Early on my first day in town I was joined by three other Denver-area women in their thirties and forties for a two-day beginner's clinic. Some had ice climbed before; others, like me, were complete newbies. A 30-minute hike from the entrance of the park to the bottom of the gorge allowed us to practice walking in our crampons, which turned our feet into wolverine claws. In an area called the School Room, Chapko demonstrated how to kick our crampons into the ice, then swiftly swing one ice ax at a time overhead. Our grip had to stay relaxed to avoid cutting off blood flow to the fingers, which can result in a painful phenomenon known as the screaming barfies. From below, pillars and cauliflower-shaped ice formations, which shimmered blue and white, were so captivating that my nervousness shifted to curiosity. I volunteered to climb first as a partner belayed me by staying on the ground to hold tension in my safety rope.

By day two, we'd graduated to steeper walls. Soon it was my turn to ascend Pic O' the Vic, a near-vertical, 130-foot ice wall, my most challenging climb yet. The group cheered me on as I swung my ice ax overhead, remembering to initiate a sharp downward movement from my elbow and add a flick of the wrist to nail a secure hold. The pick planted with a reassuring thunk, locking into the ice. Taking a deep breath, I swiftly kicked my right boot up and into the wall, followed by the left, sinking the razor-sharp blades of my crampons into the ice like fangs.

Icicles crashed down nearby — a reminder that ice is anything but predictable. The last thing I wanted to do was let go of one hand, but Calhoun encouraged me to occasionally shake out my arms to keep my blood flowing. Halfway up the 70-foot face, I considered calling it quits. But Calhoun coached me toward secure holds, and I discovered that, when I found the rhythm of two kicks and two swings, the climbing became meditative. Before I knew it, I had reached the top. I let out a big whoop of accomplishment, then realized I had to lean back, push off the ice, and get lowered down, which was almost scarier than climbing up.

A climber at Ouray Ice Park, in Colorado.
A climber at Ouray Ice Park, in Colorado. Jimena Peck

Thankfully, Ouray offers plenty of ways to burn off an adrenaline rush. Back in town, I thawed my frozen limbs and achy muscles in natural hot springs at Box Canyon Lodge & Hot Springs and sipped a Box Canyon Brown Ale from Ouray Brewery. Staring off at the snowcapped mountains, I understood Calhoun's obsession with the ice and her dedication to sharing it with others. Now that I'd scaled a frozen waterfall, I felt like I could do anything.

America's Top Ice Climbing Spots

Adirondacks, New York

Yvon Chouinard, founder of Patagonia and innovator of ice climbing tools, put this area on the map in 1969 when he ascended a route now named Chouinard's Gully. Adirondack Rock & River makes the sport accessible with lodging and an ice park exclusively for clients.

Cody, Wyoming

The South Fork of the Shoshone River Valley has one of the largest concentrations of multi-pitch ice climbs in the Lower 48. Wyoming Mountain Guides can arrange tours of the South Fork.

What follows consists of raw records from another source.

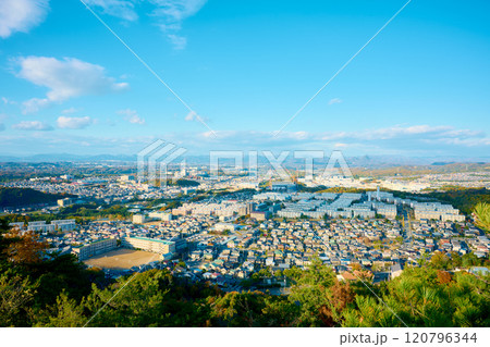愛媛県四国中央市 具定展望台から三島川之江IC付近・高丸山方面を望む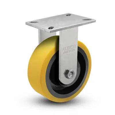 Albion 410 series 12″ x 3″ kingpinless heavy duty rigid caster delivers superior strength in rugged applications. Typical applications include conveyor-drawn tow-trucks, heavy duty bakery racks, production dollies, and heavy duty dough troughs. This yellow polyurethane on heavy duty cast iron caster is finished with environmentally friendly RoHS Zinc plating for greater corrosion resistance than paint.
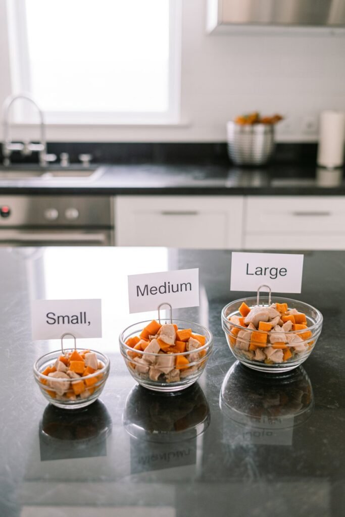 For large dogs, I make sure the portion is bigger but still controlled to avoid overfeeding, weight gain, and digestive issues.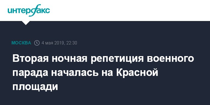 Москва. 4 мая. INTERFAX.RU - Вторая ночная репетиция парада Победы, в которой принимают участие пешие парадные расчеты и колонны военной техники, началась на Красной площади.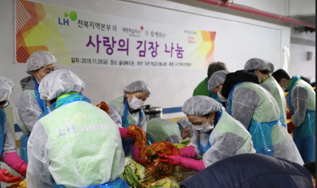 2일 LH에 따르면 LH 전북지역본부 직원 30여명과 대한적십자사 회원 등 총 50여명은 지난 달 말 전주시 덕진구 송천동에 위치한 솔내문화복지관에서 도내 장애인, 저소득청소년, 경로당, 한부모가정 등 취약계층 500여 가구에 전달할 김장김치를 담궜다.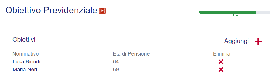 Area dedicata all’aggiunta di obiettivi previdenziali per i soggetti portatori di reddito.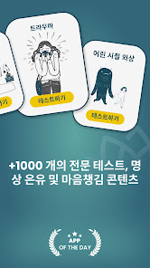 우리 앱에 포함된 77개의 정신 테스트를 통해 마음을 탐색하세요 성격과 심리학에서 라이프스타일과 기분에 이르기까지 우리의 테스트는 내면 세계에 대한 귀중한 통찰을 제공하며 개인 발전을 계속할 수 있게 해줍니다 트라우마 테스트 양극성 장애 테스트 우울증 테스트 ADHD 테스트 PTSD 테스트 및 기타 정신 건강 테스트를 포함한 구체적인 평가 테스트는 정신 건강을 보호하고 양육하는 포괄적인 치료를 제공합니다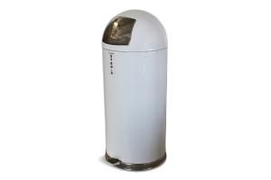 Trash Can White Enameled Bullet w/Step Pedal
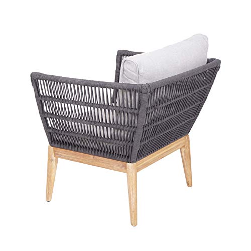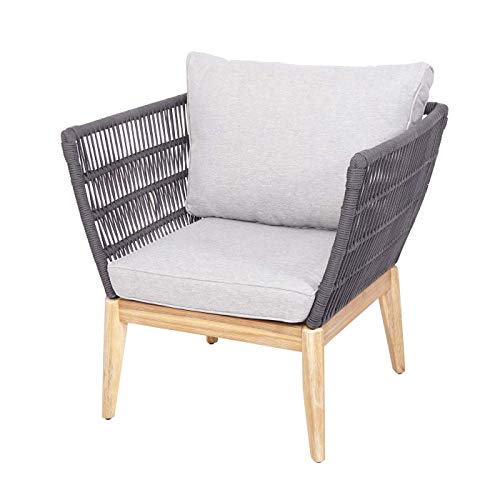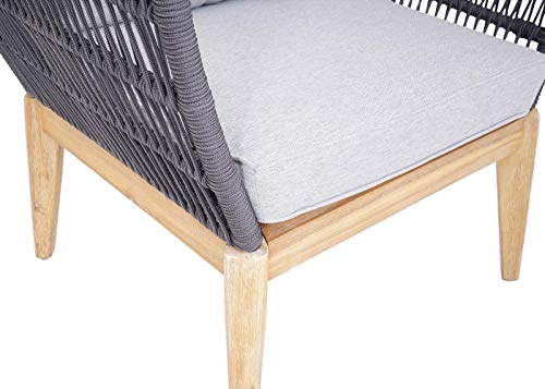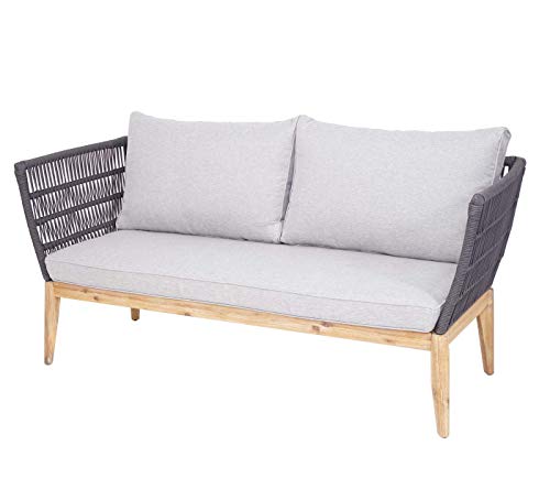 Dimensionen (HxLxB): 75x74x174cm | Material: Rahmen: Stahl + Akazienholz – Bezug: Stoff/Textil Spun Poly* (100% Polyester, 230g pro m²) – Seilgeflecht: Polyethylen (PE) | Farbe: Gestell: bieder/braun – Bezug: hellgrau – Seilgeflecht: bieder
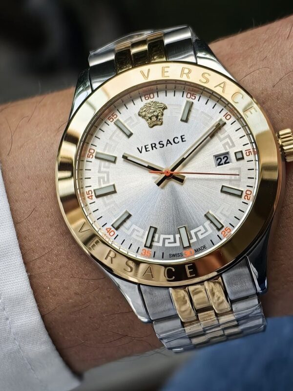 Elevate your style with the Versace Two Tone White Dial Watch featuring a 42.7 mm case and Swiss quartz movement.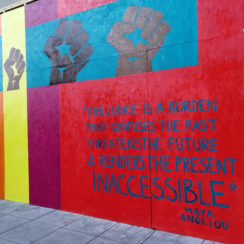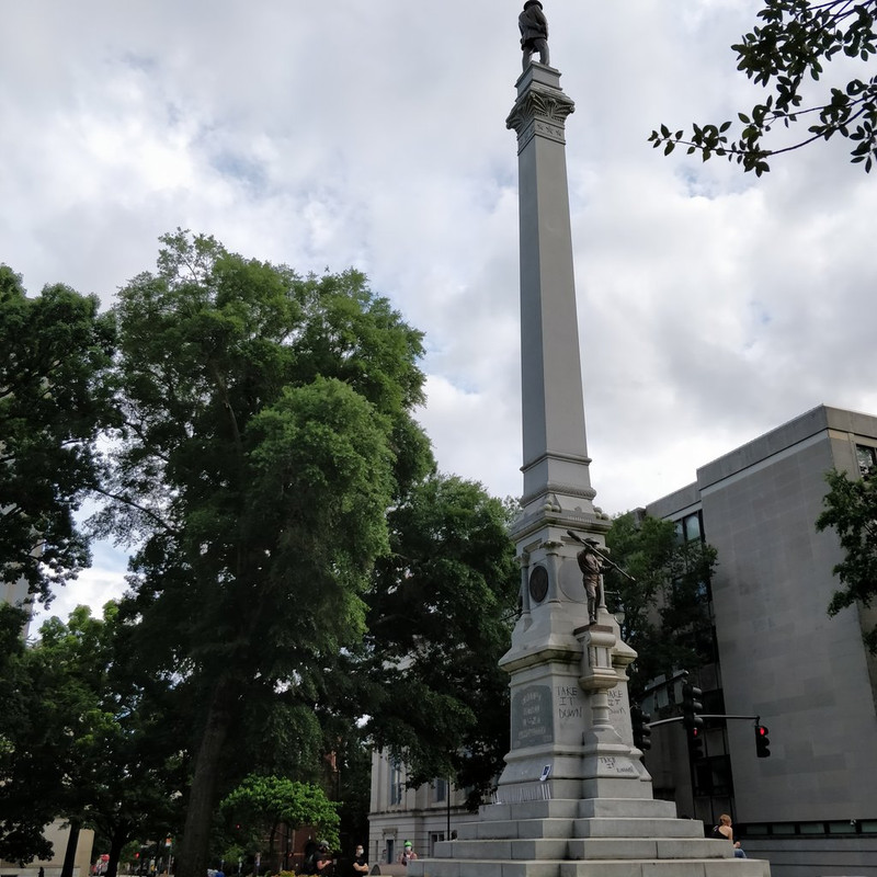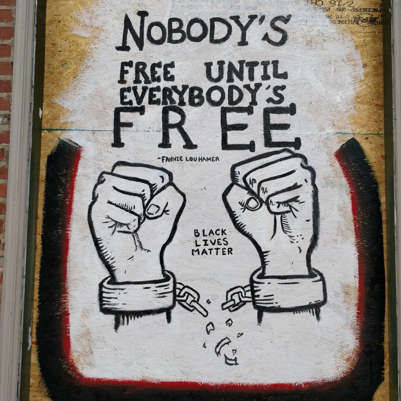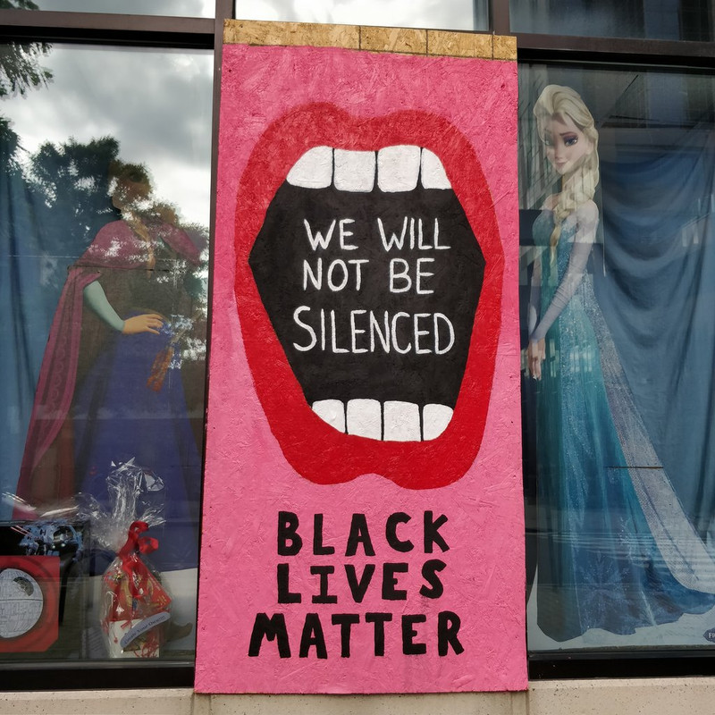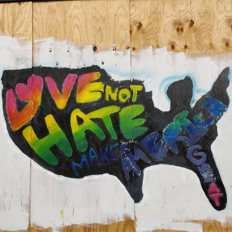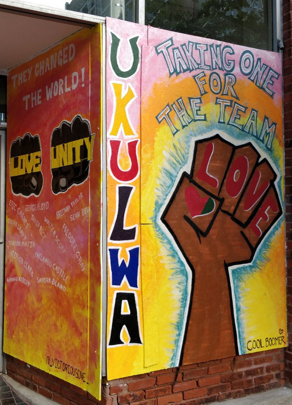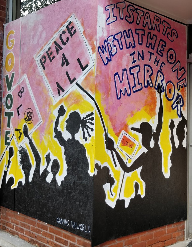We have had protests since the death of George Floyd. The first two nights, the protests turned ugly and many, many windows were smashed. Two stores--a pharmacy and a convenience store--had fires set in them. Plywood went up all over downtown Raleigh to replace broken windows or protect what hadn't been broken. It didn't take long before artists appeared to make use of the blank canvas. The grounds of the Capitol are now surrounded by barricades and guarded by half a dozen State Police. The large statue on the grounds honoring the Confederate dead has been a target and is covered in graffiti.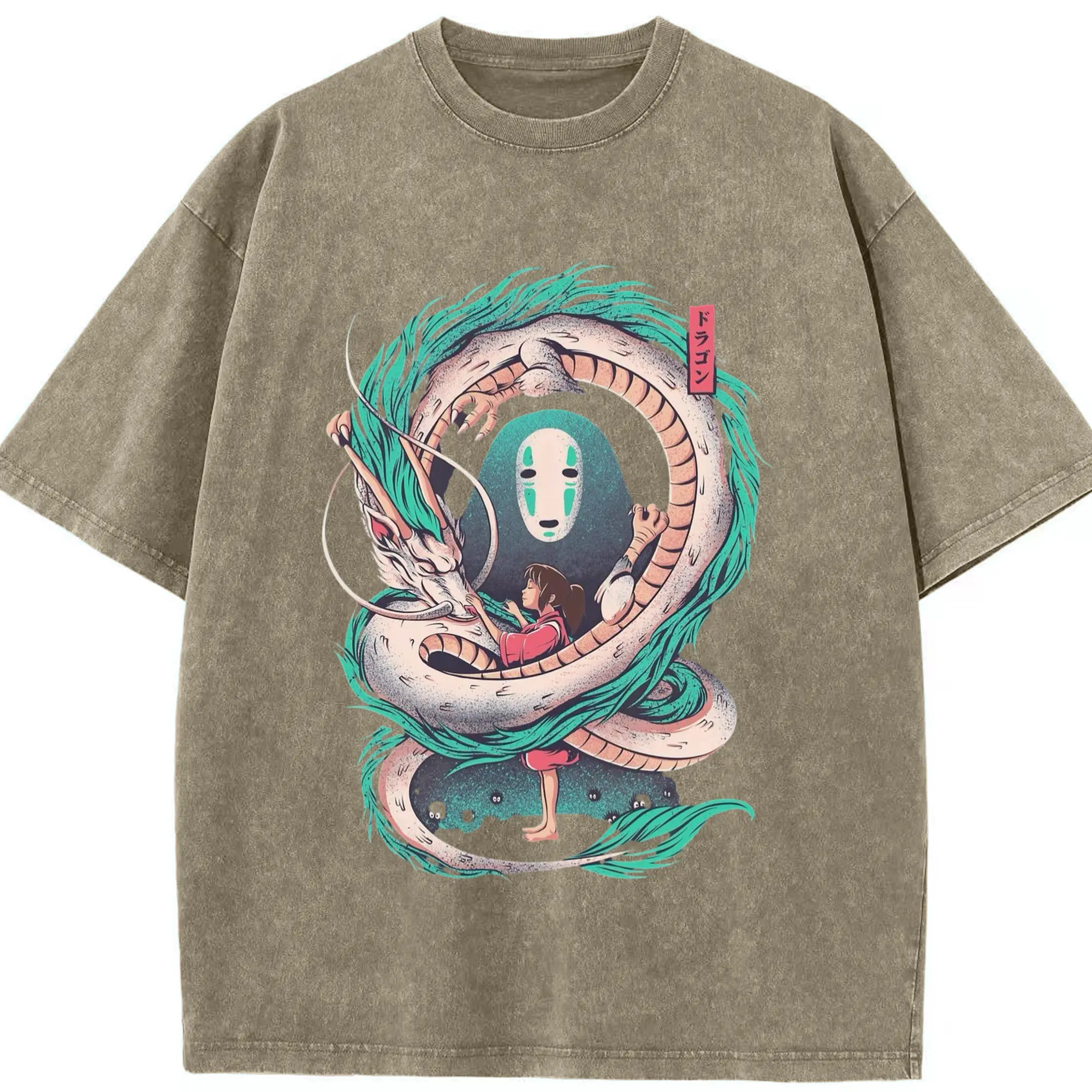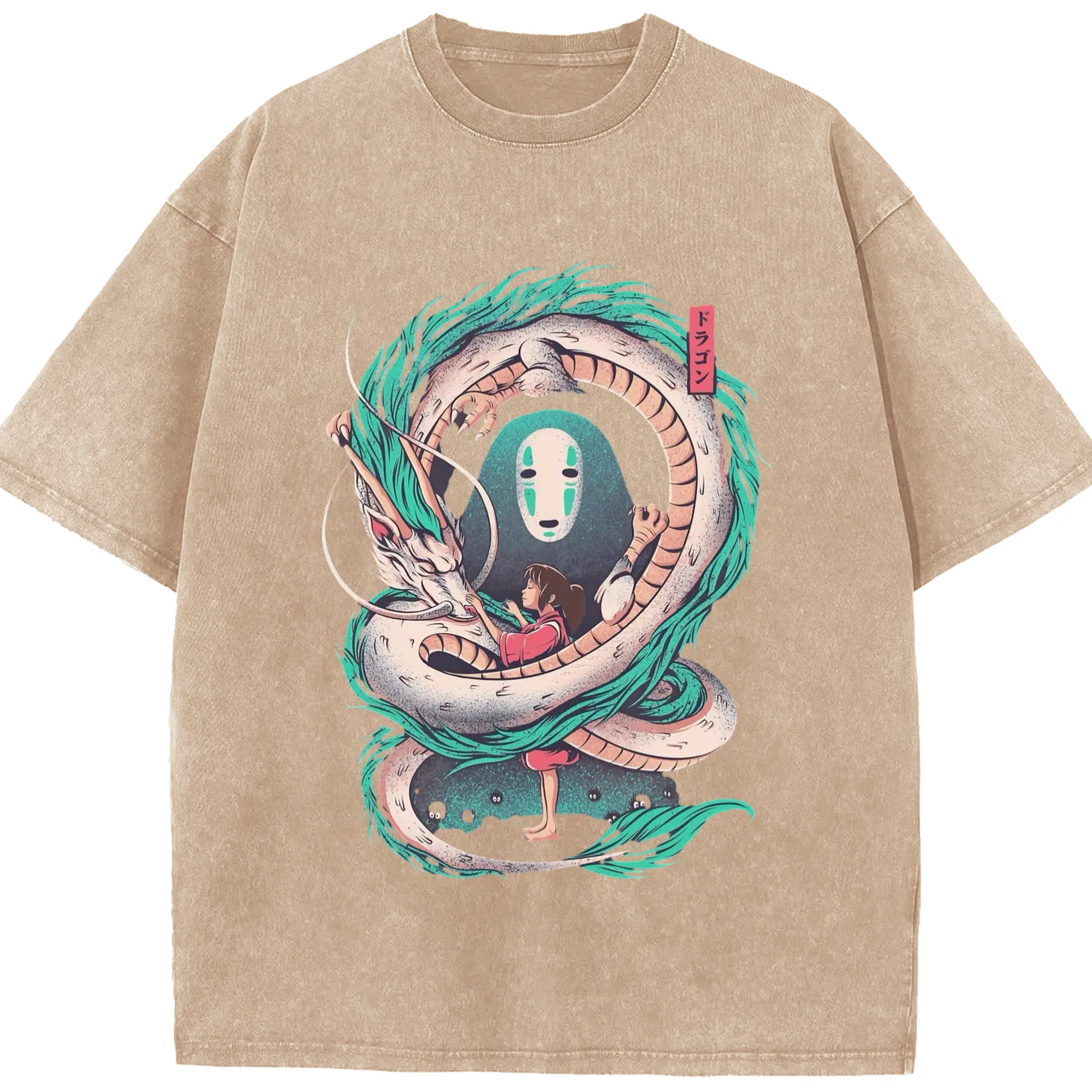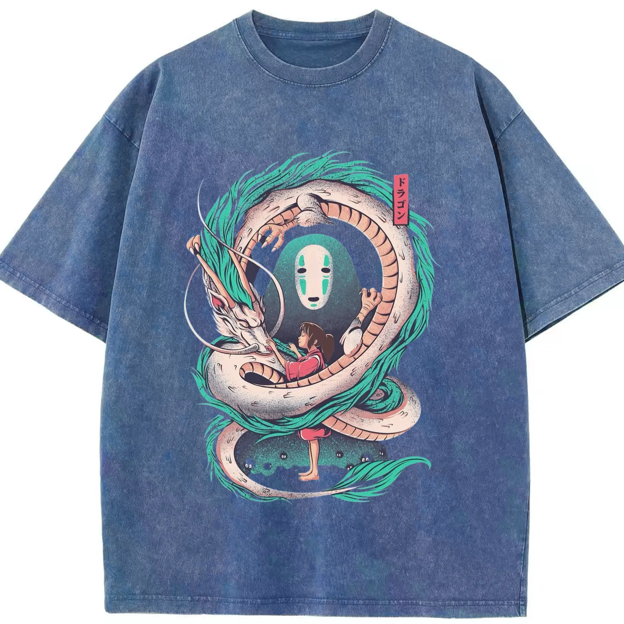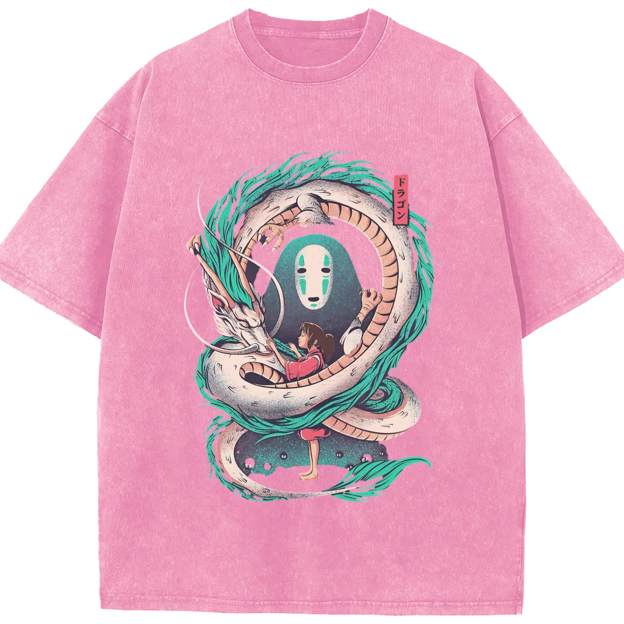 千と千尋の神隠し 白龍と千尋の絆 - 綿100% 半袖Tシャツ ・ フロントプリント ・ 快適 通気性 ・ 日常使い 散歩 スポーツ用

North Conway, New Hampshire

The International Mountain Climbing School offers guided climbs up challenging routes like Pinnacle Gully as well as clinics throughout the White Mountains.

Valdez, Alaska

Home to more than 180 ice climbing routes, both novices and pros can find a challenge here. Alaska Guide Co. leads trips all winter to well-known routes like the 600-foot Bridal Veil Falls in the climbing mecca Keystone Canyon.

A version of this story first appeared in the December 2021/January 2022 issue of Travel + Leisure under the headline Mind Over Matter.